▸ **Dataset extract**
+ + + + +

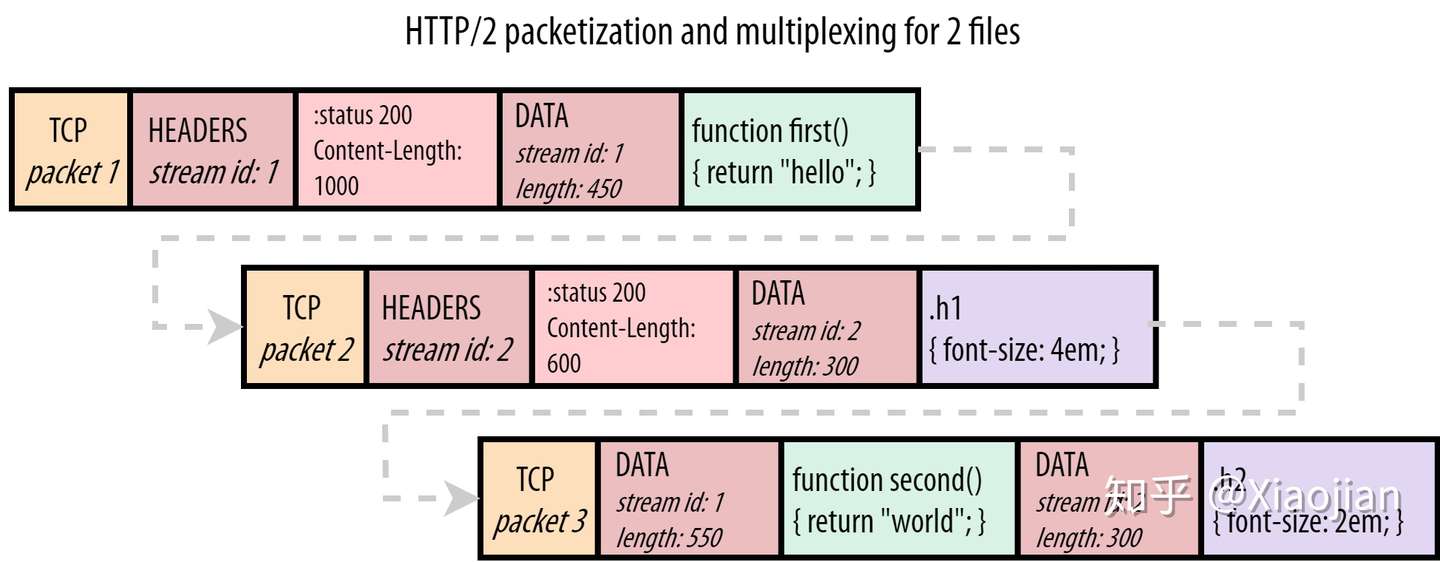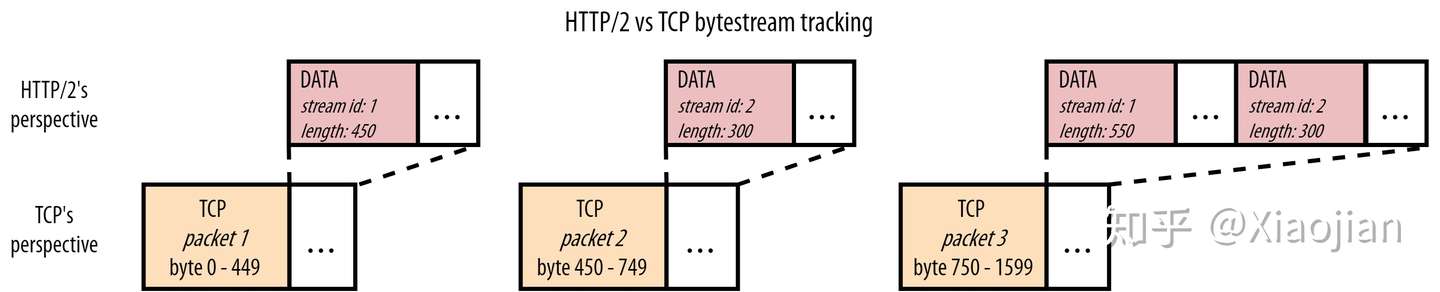 虽然我们和浏览器都知道我们正在获取 JavaScript 和 CSS 文件,但 HTTP/2 不需要知道这一点。它只知道它在使用来自不同资源流 id (stream id)的块。然而,TCP 甚至不知道它在传输 HTTP!TCP 所知道的就是它被赋予了一系列字节,它必须从一台计算机传输另一台计算机。为此,它使用特定最大大小(maximum size)的数据包,通常大约为1450字节。每个数据包只跟踪它携带的数据的那一部分(字节范围),这样原始数据就可以按照正确的顺序重建。
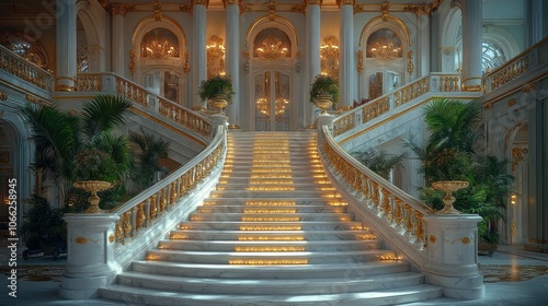 Grand entryway staircase with marble steps, plush carpeting, and gold railing.
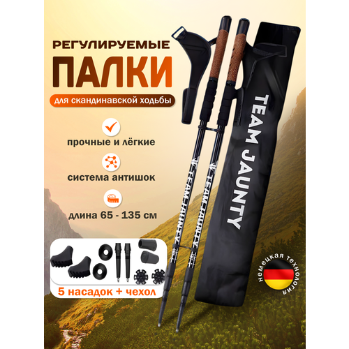 Палки для скандинавской ходьбы и треккинга - идеальный выбор для любителей активного отдыха на природе! Легкие, изготовлены из алюминия, устойчивые к коррозии, обеспечивают легкость движений на любом пути. Скандинавские палки для ходьбы оснащены бамбуковым темляком, который надежно фиксирует запястье и предотвращает соскальзывание рук. Идеальный вариант для пожилых мужчин и женщин. Наша телескопическая модель позволит вам легко регулировать длину в зависимости от вашего роста и типа поверхности - будь то горы, лес или ледяные поля. Палки цельные женские и мужские складные 2 шт (всего 65 см в сложенном виде), легко помещаются в чехол, который идет в комплекте, его удобно брать с собой в поездки и хранить дома. Надежные и прочные, они обеспечат вам уверенность и поддержку в любых условиях - будь то ходьба по горным тропам или прогулка по лесным дорожкам. В комплект входят насадки для разных типов поверхностей: асфальта, снега, грязи или песка, чтобы прогулки были комфортными при любых условиях. В сложенном состоянии длина составляет всего 65 см, а максимальная - 135 см. Длина палок регулируется под рост и фиксируется при помощи кручения корпуса по/против часовой стрелки. На выдвигающейся части палки нанесена разметка-линейка, что помогает настроить длину максимально точно. Больше увеличивать длину секции не нужно. Встроенная система антишок (antishock) снижает ударную нагрузку на суставы до 30%, защищая колени и кисти рук. Это делает палочки незаменимыми для людей с остеохондрозом, ревматизмом и сколиозом. Используйте их для прогулок, занятий спортом или для гор и походов – прочная конструкция выдерживает активные нагрузки. Отличный подарок для родителей, бабушек и дедушек, друзей или близких на 23 февраля и 8 марта. Ваши прогулки станут более безопасными, а активный образ жизни – еще доступнее! Не упустите возможность приобрести качественные Скандинавские палки с удобной регулировкой и стильным дизайном!
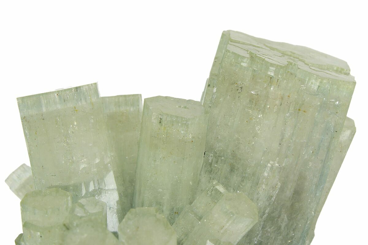 Goshenite is the rare, colorless variety of beryl, the same mineral family that includes emerald and aquamarine. Its clear appearance comes from the absence of trace elements that create other beryl colors. Goshenite forms in hexagonal crystals, often as sharp, six-sided prisms with a bright glassy luster. Found in granitic pegmatites, notable sources include Brazil, Pakistan, Madagascar, and the United States. With a hardness of 7.5–8 on the Mohs scale, it is durable and sometimes faceted as a gemstone. Collectors value goshenite for its purity, clarity, and elegant natural crystal form.

+ + + + +

▸ **Exercise**
Every line above is to be given again exactly, apart from the pictures.

▸ **Response to this exercise**
 虽然我们和浏览器都知道我们正在获取 JavaScript 和 CSS 文件,但 HTTP/2 不需要知道这一点。它只知道它在使用来自不同资源流 id (stream id)的块。然而,TCP 甚至不知道它在传输 HTTP!TCP 所知道的就是它被赋予了一系列字节,它必须从一台计算机传输另一台计算机。为此,它使用特定最大大小(maximum size)的数据包,通常大约为1450字节。每个数据包只跟踪它携带的数据的那一部分(字节范围),这样原始数据就可以按照正确的顺序重建。
 Grand entryway staircase with marble steps, plush carpeting, and gold railing.
 Палки для скандинавской ходьбы и треккинга - идеальный выбор для любителей активного отдыха на природе! Легкие, изготовлены из алюминия, устойчивые к коррозии, обеспечивают легкость движений на любом пути. Скандинавские палки для ходьбы оснащены бамбуковым темляком, который надежно фиксирует запястье и предотвращает соскальзывание рук. Идеальный вариант для пожилых мужчин и женщин. Наша телескопическая модель позволит вам легко регулировать длину в зависимости от вашего роста и типа поверхности - будь то горы, лес или ледяные поля. Палки цельные женские и мужские складные 2 шт (всего 65 см в сложенном виде), легко помещаются в чехол, который идет в комплекте, его удобно брать с собой в поездки и хранить дома. Надежные и прочные, они обеспечат вам уверенность и поддержку в любых условиях - будь то ходьба по горным тропам или прогулка по лесным дорожкам. В комплект входят насадки для разных типов поверхностей: асфальта, снега, грязи или песка, чтобы прогулки были комфортными при любых условиях. В сложенном состоянии длина составляет всего 65 см, а максимальная - 135 см. Длина палок регулируется под рост и фиксируется при помощи кручения корпуса по/против часовой стрелки. На выдвигающейся части палки нанесена разметка-линейка, что помогает настроить длину максимально точно. Больше увеличивать длину секции не нужно. Встроенная система антишок (antishock) снижает ударную нагрузку на суставы до 30%, защищая колени и кисти рук. Это делает палочки незаменимыми для людей с остеохондрозом, ревматизмом и сколиозом. Используйте их для прогулок, занятий спортом или для гор и походов – прочная конструкция выдерживает активные нагрузки. Отличный подарок для родителей, бабушек и дедушек, друзей или близких на 23 февраля и 8 марта. Ваши прогулки станут более безопасными, а активный образ жизни – еще доступнее! Не упустите возможность приобрести качественные Скандинавские палки с удобной регулировкой и стильным дизайном!
 Goshenite is the rare, colorless variety of beryl, the same mineral family that includes emerald and aquamarine. Its clear appearance comes from the absence of trace elements that create other beryl colors. Goshenite forms in hexagonal crystals, often as sharp, six-sided prisms with a bright glassy luster. Found in granitic pegmatites, notable sources include Brazil, Pakistan, Madagascar, and the United States. With a hardness of 7.5–8 on the Mohs scale, it is durable and sometimes faceted as a gemstone. Collectors value goshenite for its purity, clarity, and elegant natural crystal form.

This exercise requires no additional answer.